The Student News Site of San Luis Obispo High School




The Student News Site of San Luis Obispo High School



Anorexia: One Girl’s Battle


 Anorexia is a disorder that affects not only people around the world but students here at San Luis Obispo High School. Expressions went inside one SLOHS sophomore’s life to see what it was like battling anorexia.

  “There’s 2000 calories you’re supposed to eat in a day. I would eat under 500,” said Sophomore Haley Adler.

Adler has been battling anorexia since February of last year. Her situation got out of control.

“For me, one of the main reasons I started is because I am a perfectionist and if I see something about myself that I don’t like, I have to fix it,” said Adler.

Different people have different triggers that causes them to go into this mindset. Some people hear songs, others see an image of a model or just a thin person. These are all things that cause the brain to automatically think you need to starve yourself again. Developmental changes that result in alterations to sudden hormonal imbalances in the brain play a role as well.

“There are certain triggers for me that make me starve myself again. I have these one pair of pants that i try on occasionally, if they’re too small, it automatically triggers me to start up again,” said Adler.

The role of media and popular culture in the development is a less likely trigger, surprisingly.

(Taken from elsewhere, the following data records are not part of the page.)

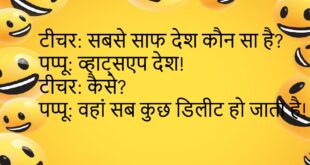 टीचर: बताओ, आलस किसे कहते हैं? बच्चा: जो अभी मुझे जवाब देने में हो रहा है!😂😂😂😂😂 ********************************* पत्नी: सुनिए, मैं मायके जा रही हूं। पति: ठीक है, रास्ते में फोन कर लेना… ताकि मैं खुशी मना सकूं!😂😂😂😂😂 ********************************* बॉस: इतनी देर से क्यों आए? कर्मचारी: सपने में काम कर रहा था… थक गया हूं!😂😂😂😂😂 ********************************* पप्पू: पापा, मोबाइल दो! पापा: …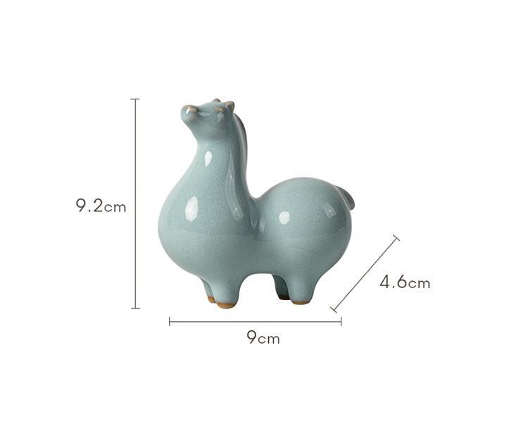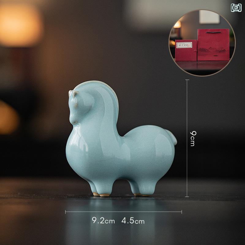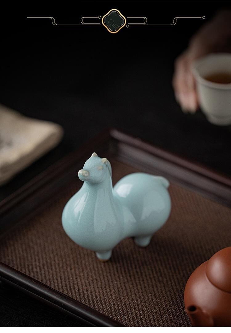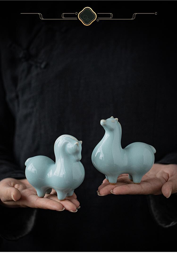 置物 小型 唐馬 汝窯 貫入 陶器 陶磁器 工芸品 中国風 リビング 玄関 オフィス 書斎 デスク 卓上 インテリア 装飾品 オブジェ 美術品 高級感 縁起物 ユニーク
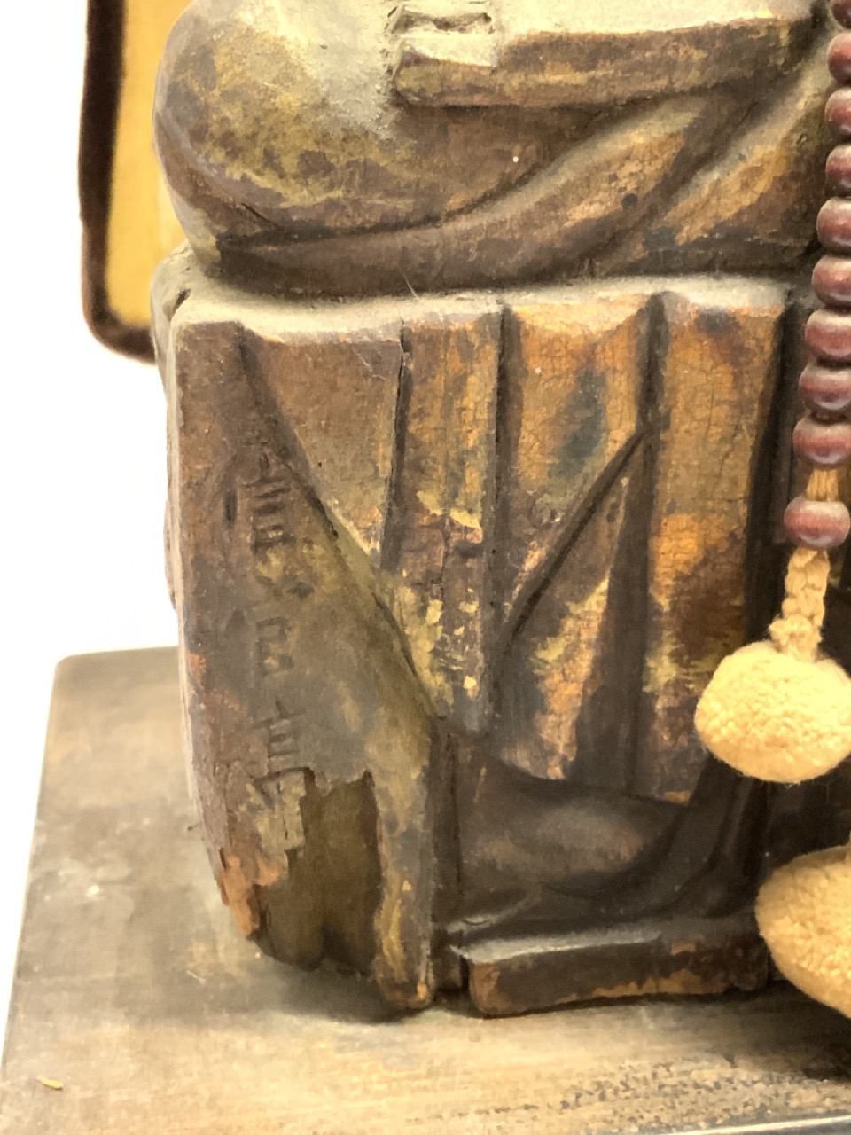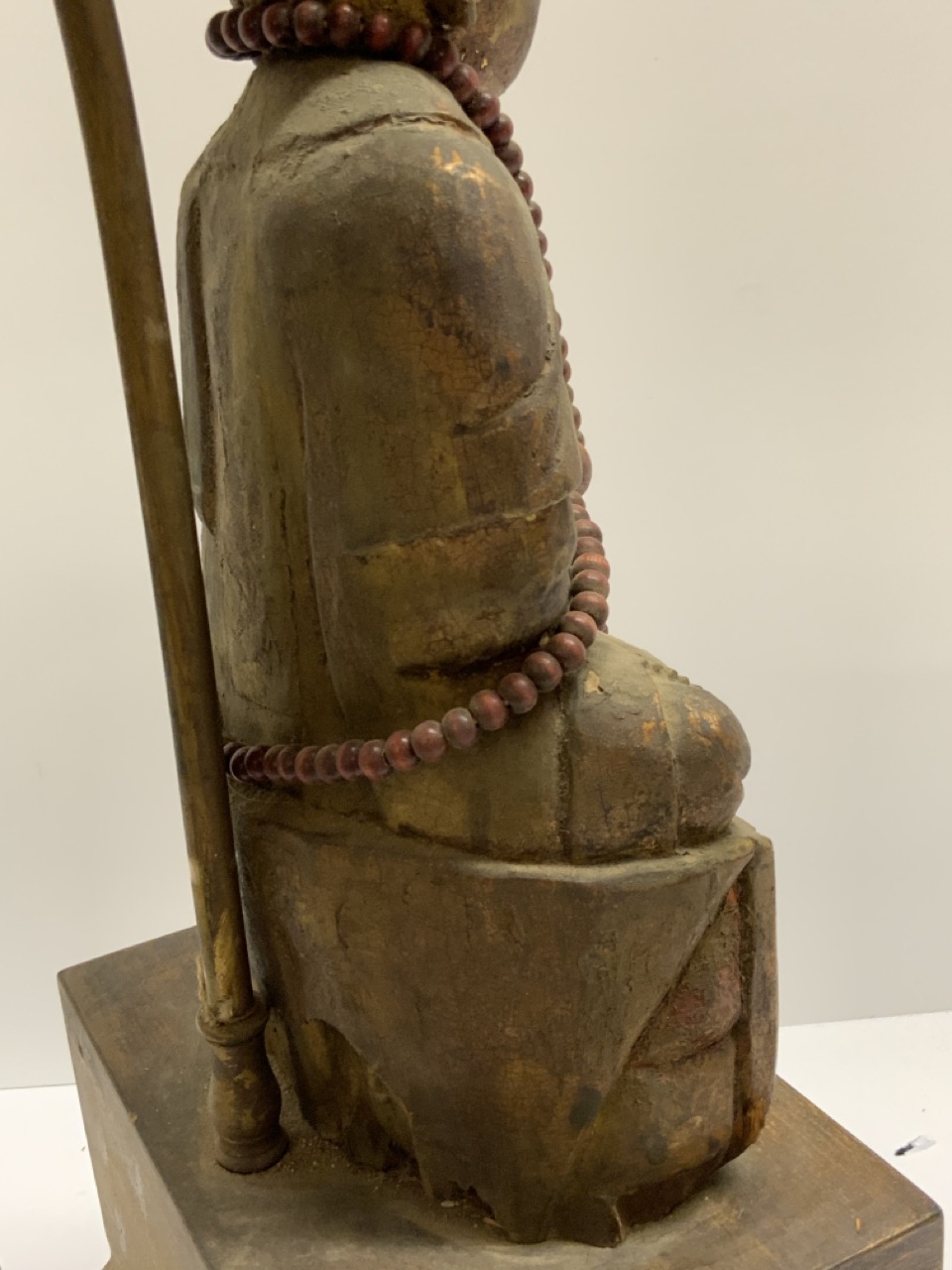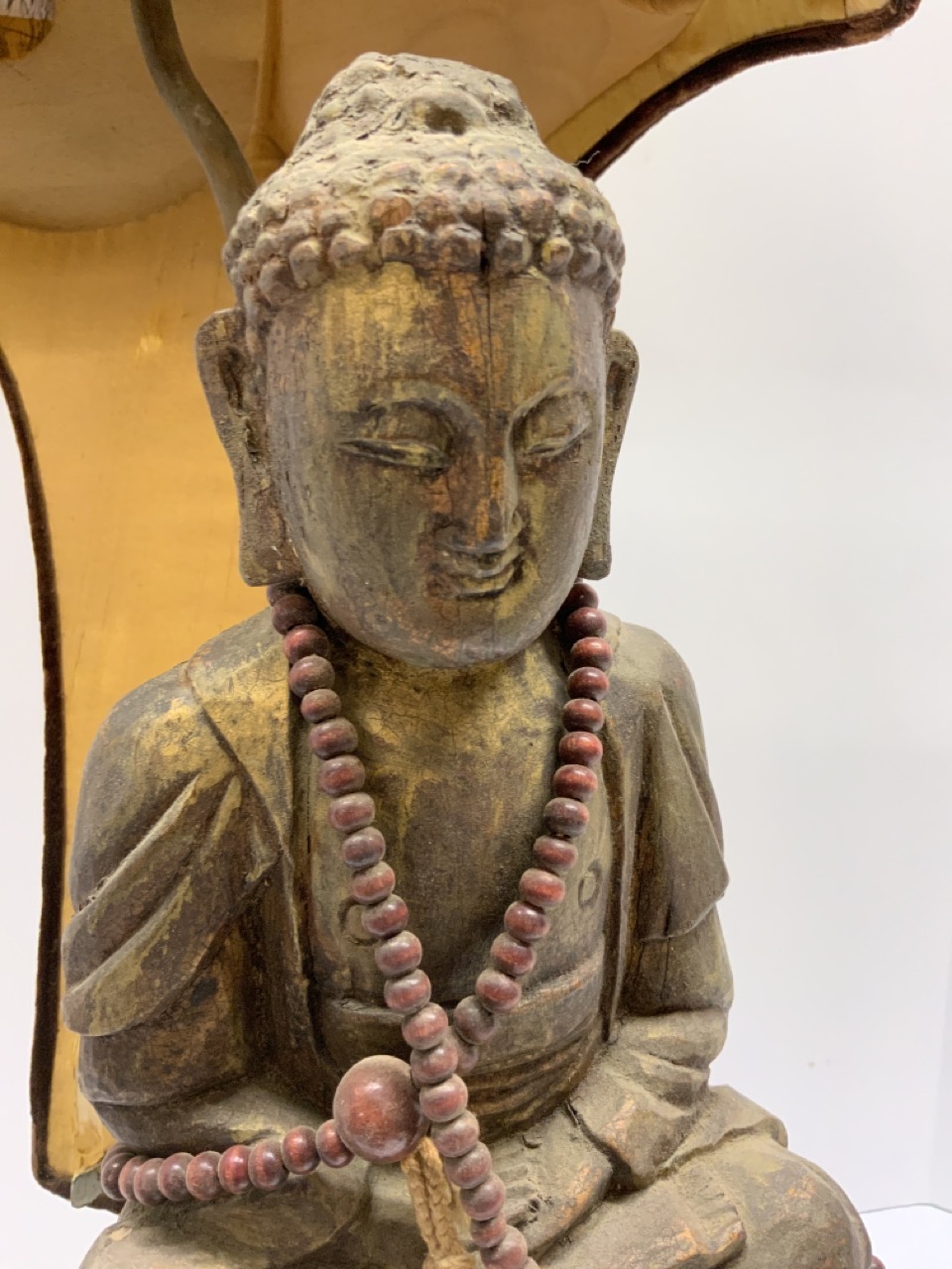 An early carved wood Buddha statue mounted on base and shownn as a lamp. Chinese chop marks seen on front side of Buddha. Please see photograph preview or call.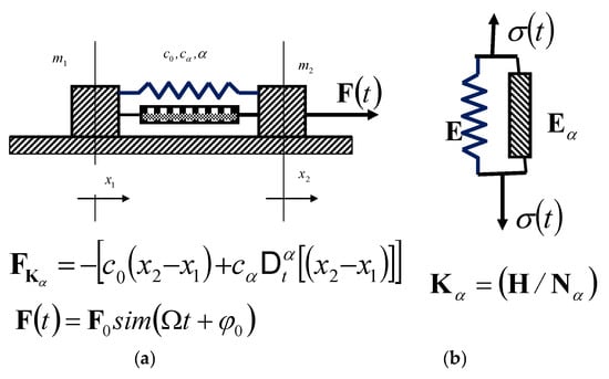 In Figure 1a, two material points (rigid bodies), mass and , are bound by a standard light rheologic basic complex of Kelvin–Voigt’s model of the fractional type (SLBC-KV-MFT), stiffness and , as a rheologic discrete dynamics system (RDDS) with two degrees of freedom of movement, and one degree of freedom of rheologic oscillations, one material point (rigid body) in relation to the other, subjected to the action of single frequency force , and for which are the positions are determined by independent generalized coordinates and .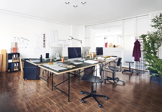 Richard Lampert has been producing furniture and furnishings since 1993. Talking to Richard Lampert, his passion for furniture – timeless designs without frills, but with that certain something – quickly becomes evident. The members of his team – complemented by the designer Alexander Seifried – are important sparring partners for him. A design must convince – with a clear and possibly unconventional idea. Only then does he ask himself whether the design is strong enough to be produced in high quality and in large numbers. “The product must have a soul,” says Lampert. One of the absolute classics in the collection is the original Egon Eiermann table from 1953 with inclined diagonals in a level of welded cross-struts. It is exclusively manufactured by Richard Lampert and in terms of its details is – “Eiermann-like” – in a class of its own. As a complement to the original, there is a double workstation, a high or standing desk, as well as office chairs with the same design consistency. All of this continues to enthuse users today – with shape and structure reduced to the essentials. Like almost all Richard Lampert products, these furniture items can be used everywhere – from the office to private homes. “Luckily, architects and interior designers see the particularity of the collection and use it as an alternative to well-known designer furniture.” This gives Lampert the confidence that small companies operating in a niche have a chance of survival.

Different kids develop different triggers, and no study has proven why these kids develop what they do.

For people suffering with anorexia, it is mentally impossible for them to see themselves as skinny. That is one of the many reasons it spirals out of control.

“Your mind has an image distortion, and for me when I looked at myself I didn’t see the weight dropping,” said Adler.

It is hard to stop once you’ve started, sometimes it’s just a coping skill.

“I know for me if something is stressful or goes wrong you just have to go back to that because in some way it’s sort of a comfort, which sounds really weird,” said Adler.

Once somebody has anorexia, it stays with them the rest of their life. Even though it might not look like they’re skinny, they still have it in their head that they are fat and need to lose weight.

Adler can not stress enough the importance of not starting thinking of yourself as lesser than you are and starving yourself because of it. Adler said, “Once I started, I noticed so many things about my body I wanted to change. It started with my thighs, and then I went to obsessing over being able to wrap my hand around my upper arm, then being able to see hip bones and collar bones. It’s like a huge obsession and it just snowballs.”

Anorexia does not only kill your insides. Adler said,“There are the side effects. I got pale, and my hair would fall out. My stomach hurts constantly, it’s really bad cramps, sometimes it feels almost like needles, and you’re completely weak. I had to walk up the adult school stairs and I would get light-headed and have to sit down because I couldn’t do it.”.

Adler is currently receiving help from a counselor and is fighting her battle like a champ. Adler said, “The most important thing to do is be there to listen and don’t tell people they’re doing anything wrong.” She is getting better daily and wants to help others with anorexia as well.